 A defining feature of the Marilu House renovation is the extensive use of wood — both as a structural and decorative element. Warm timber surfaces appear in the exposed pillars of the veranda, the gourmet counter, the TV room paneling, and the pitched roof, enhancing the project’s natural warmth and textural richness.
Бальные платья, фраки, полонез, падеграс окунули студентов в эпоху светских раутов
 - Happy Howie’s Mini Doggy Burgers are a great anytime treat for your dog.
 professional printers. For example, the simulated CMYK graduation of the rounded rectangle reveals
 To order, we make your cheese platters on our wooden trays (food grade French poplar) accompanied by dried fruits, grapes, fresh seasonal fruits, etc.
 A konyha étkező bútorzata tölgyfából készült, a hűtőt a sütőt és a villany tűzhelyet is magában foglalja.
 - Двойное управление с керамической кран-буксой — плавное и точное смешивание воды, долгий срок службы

* * *

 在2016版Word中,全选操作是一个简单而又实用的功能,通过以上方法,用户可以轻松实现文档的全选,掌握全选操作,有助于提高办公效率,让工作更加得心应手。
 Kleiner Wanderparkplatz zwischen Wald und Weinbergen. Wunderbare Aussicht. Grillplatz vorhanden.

* * *

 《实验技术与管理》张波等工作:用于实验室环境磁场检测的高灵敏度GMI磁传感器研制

» What is required
Go through the listing and copy each line that includes the string "your".

» Result of the exercise
 - Happy Howie’s Mini Doggy Burgers are a great anytime treat for your dog.
 To order, we make your cheese platters on our wooden trays (food grade French poplar) accompanied by dried fruits, grapes, fresh seasonal fruits, etc.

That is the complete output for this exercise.